[Opening Material for the task section]
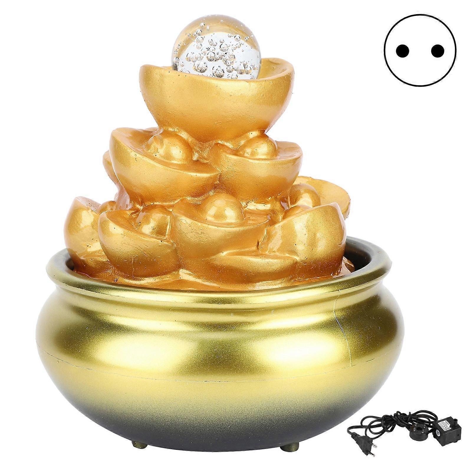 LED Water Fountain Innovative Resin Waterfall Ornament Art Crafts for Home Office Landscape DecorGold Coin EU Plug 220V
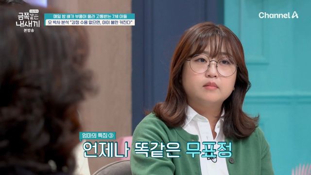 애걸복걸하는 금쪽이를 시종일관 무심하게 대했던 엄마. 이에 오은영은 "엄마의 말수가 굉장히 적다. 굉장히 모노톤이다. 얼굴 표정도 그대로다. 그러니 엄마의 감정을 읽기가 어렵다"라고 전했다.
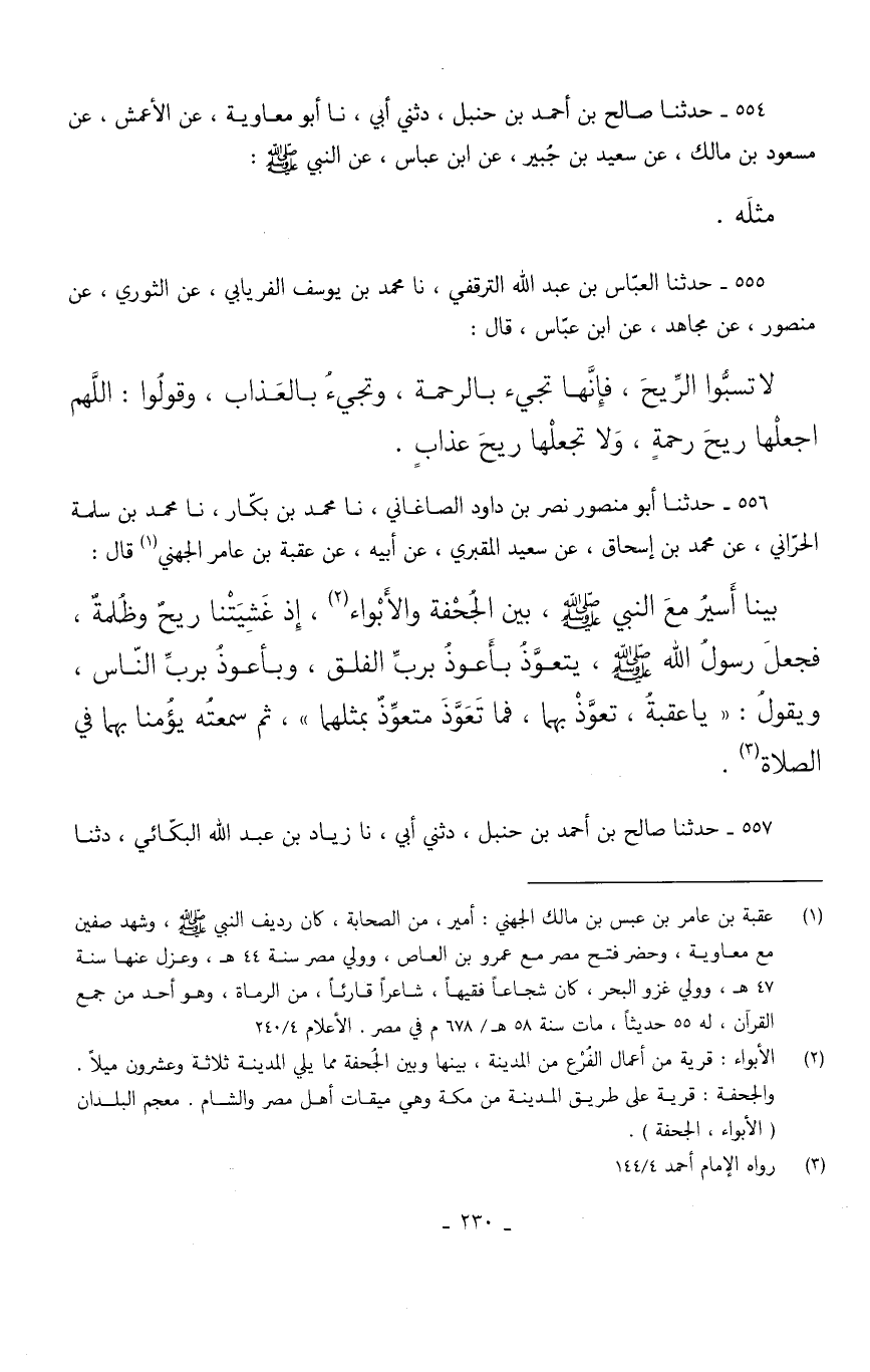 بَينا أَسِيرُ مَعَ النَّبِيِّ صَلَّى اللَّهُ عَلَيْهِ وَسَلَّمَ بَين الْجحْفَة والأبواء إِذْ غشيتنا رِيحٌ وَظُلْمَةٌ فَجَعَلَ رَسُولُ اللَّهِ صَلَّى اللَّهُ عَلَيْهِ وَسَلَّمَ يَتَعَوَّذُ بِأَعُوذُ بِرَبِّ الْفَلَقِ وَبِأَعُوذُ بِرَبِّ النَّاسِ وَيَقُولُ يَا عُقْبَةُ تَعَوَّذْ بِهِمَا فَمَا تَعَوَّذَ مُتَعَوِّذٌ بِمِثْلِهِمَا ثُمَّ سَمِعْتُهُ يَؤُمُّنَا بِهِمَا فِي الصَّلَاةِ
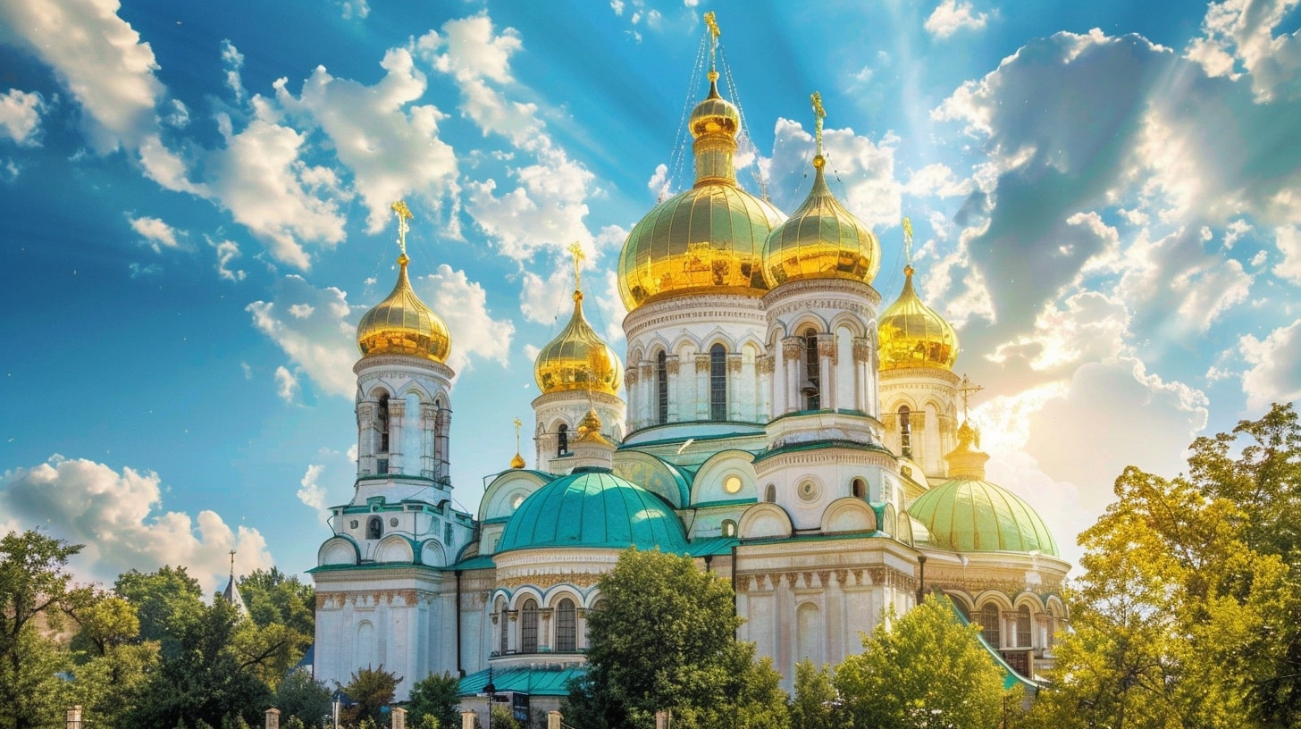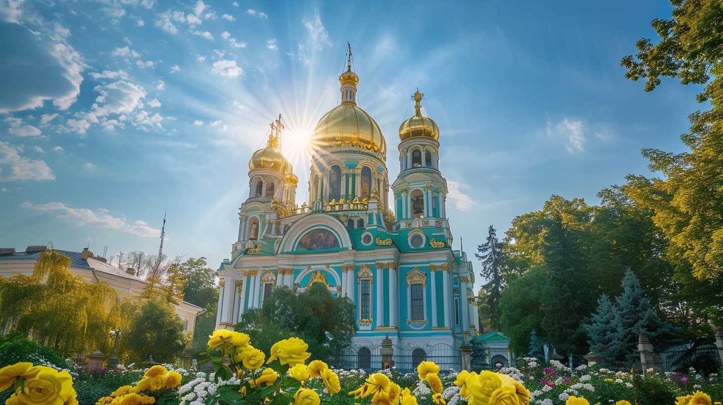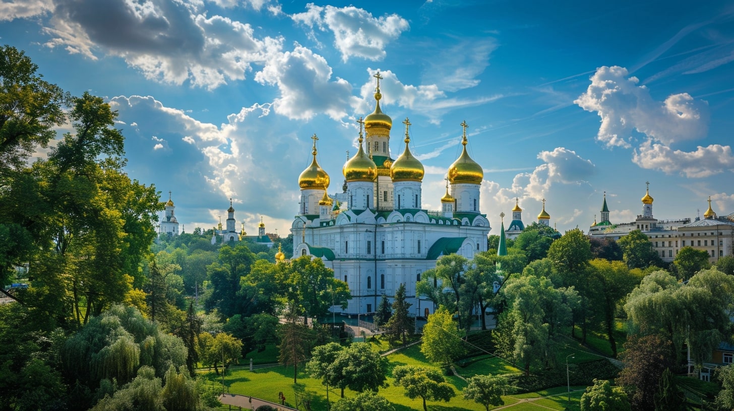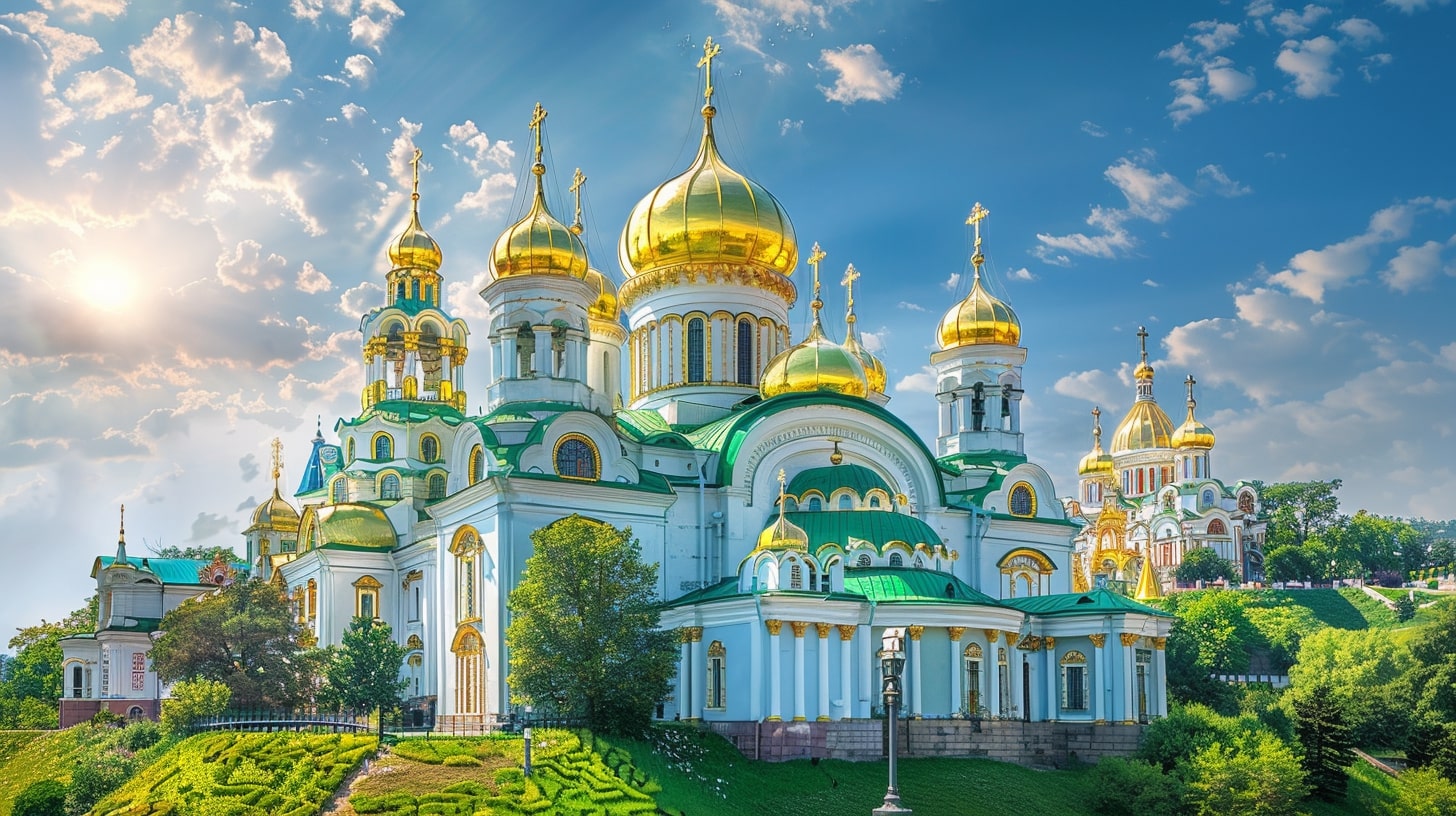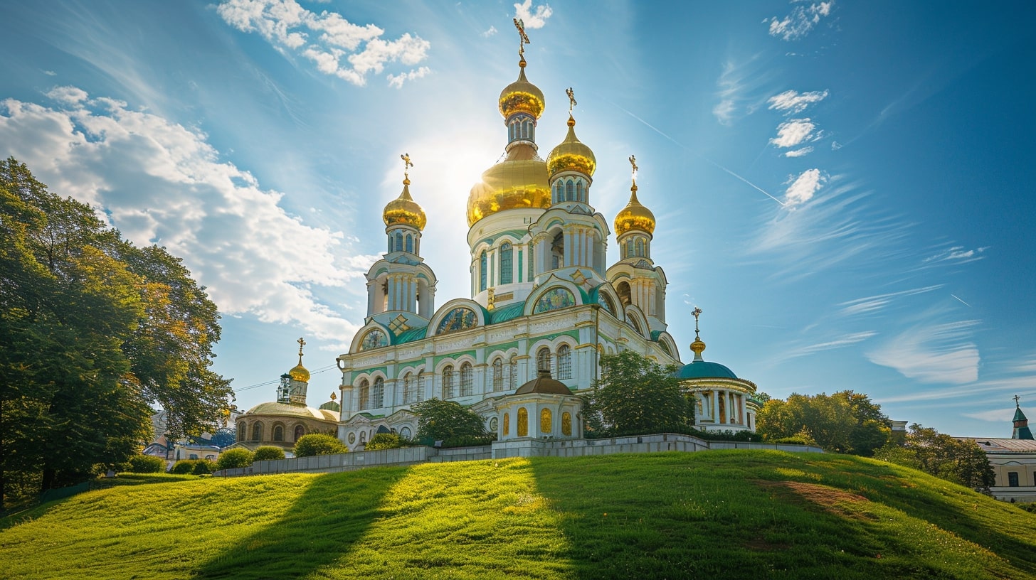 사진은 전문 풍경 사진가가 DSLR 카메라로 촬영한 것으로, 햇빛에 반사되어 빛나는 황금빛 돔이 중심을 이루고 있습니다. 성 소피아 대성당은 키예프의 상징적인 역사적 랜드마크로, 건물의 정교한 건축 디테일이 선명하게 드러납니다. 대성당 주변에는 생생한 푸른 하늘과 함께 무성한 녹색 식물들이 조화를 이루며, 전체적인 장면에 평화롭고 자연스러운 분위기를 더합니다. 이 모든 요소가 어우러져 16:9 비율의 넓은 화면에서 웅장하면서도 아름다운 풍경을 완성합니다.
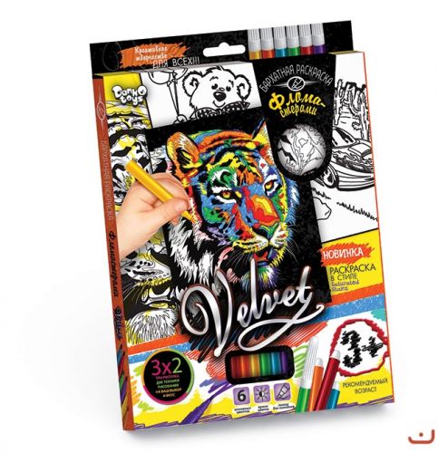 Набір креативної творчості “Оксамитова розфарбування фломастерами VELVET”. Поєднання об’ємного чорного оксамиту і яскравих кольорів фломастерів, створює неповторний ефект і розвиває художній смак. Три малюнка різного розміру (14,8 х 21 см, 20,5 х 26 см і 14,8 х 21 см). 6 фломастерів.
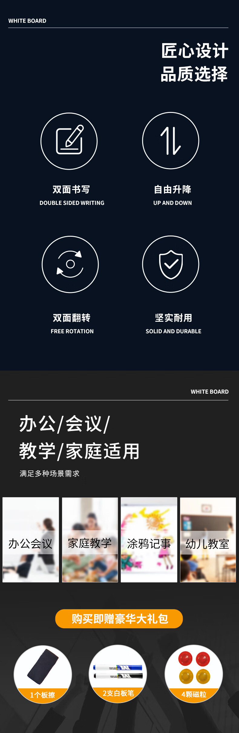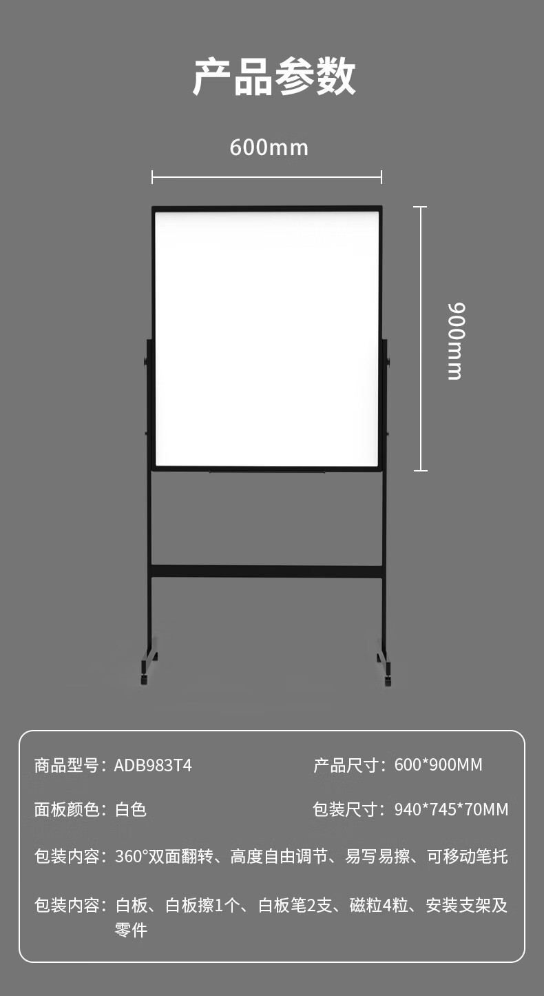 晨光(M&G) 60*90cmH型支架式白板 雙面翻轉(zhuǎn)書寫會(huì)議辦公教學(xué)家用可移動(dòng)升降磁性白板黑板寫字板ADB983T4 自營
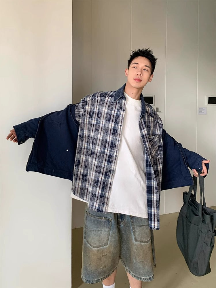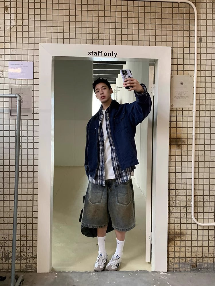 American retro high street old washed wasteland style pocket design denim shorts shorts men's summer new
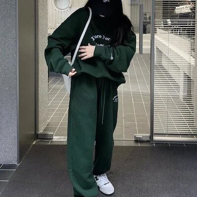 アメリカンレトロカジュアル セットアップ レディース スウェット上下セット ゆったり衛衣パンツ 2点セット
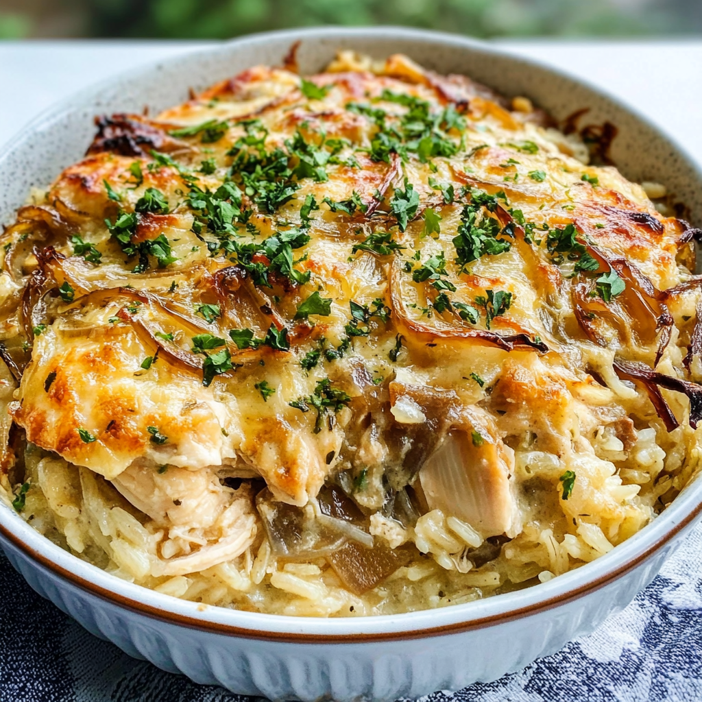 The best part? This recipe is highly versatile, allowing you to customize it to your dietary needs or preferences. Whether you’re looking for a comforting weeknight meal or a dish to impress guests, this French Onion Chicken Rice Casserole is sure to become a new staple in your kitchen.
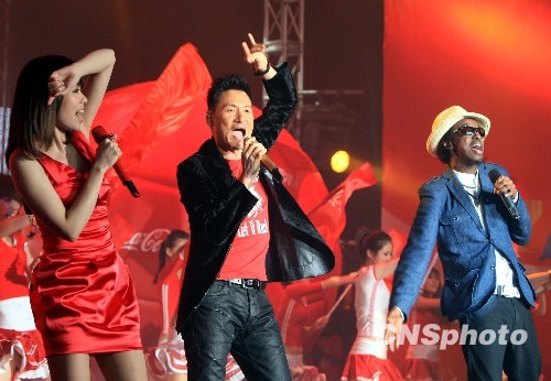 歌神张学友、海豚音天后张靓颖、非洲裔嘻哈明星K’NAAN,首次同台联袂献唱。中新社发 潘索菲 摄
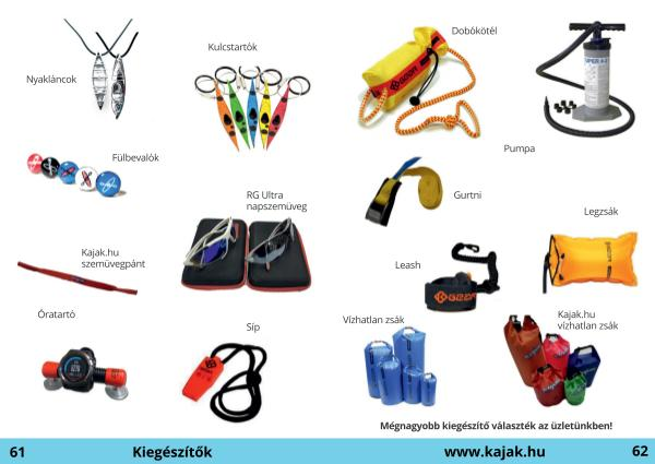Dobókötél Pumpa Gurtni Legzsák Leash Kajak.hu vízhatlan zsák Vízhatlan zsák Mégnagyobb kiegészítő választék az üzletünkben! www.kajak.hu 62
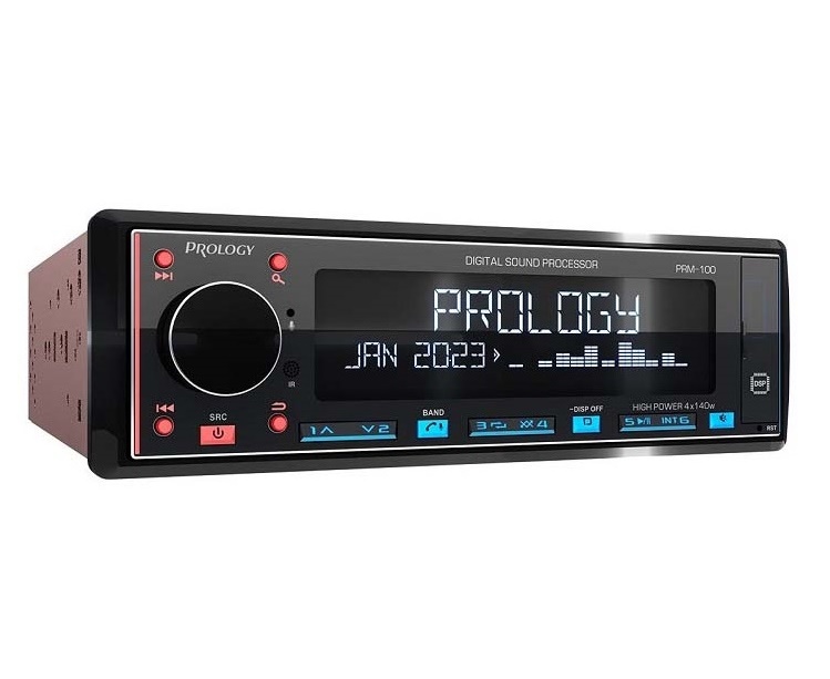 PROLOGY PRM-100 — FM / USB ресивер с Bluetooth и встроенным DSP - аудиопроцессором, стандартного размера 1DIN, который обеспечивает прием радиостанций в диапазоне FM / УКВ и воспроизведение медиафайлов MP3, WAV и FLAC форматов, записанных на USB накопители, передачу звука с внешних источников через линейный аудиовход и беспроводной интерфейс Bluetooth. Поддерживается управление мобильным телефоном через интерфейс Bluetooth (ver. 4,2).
[Closing Material for the task section]
Reproduce exactly the lines above from the one with "Dobókötél Pumpa Gurtni" through the last line of the data, keeping both ends and dropping the pictures.

Dobókötél Pumpa Gurtni Legzsák Leash Kajak.hu vízhatlan zsák Vízhatlan zsák Mégnagyobb kiegészítő választék az üzletünkben! www.kajak.hu 62
 PROLOGY PRM-100 — FM / USB ресивер с Bluetooth и встроенным DSP - аудиопроцессором, стандартного размера 1DIN, который обеспечивает прием радиостанций в диапазоне FM / УКВ и воспроизведение медиафайлов MP3, WAV и FLAC форматов, записанных на USB накопители, передачу звука с внешних источников через линейный аудиовход и беспроводной интерфейс Bluetooth. Поддерживается управление мобильным телефоном через интерфейс Bluetooth (ver. 4,2).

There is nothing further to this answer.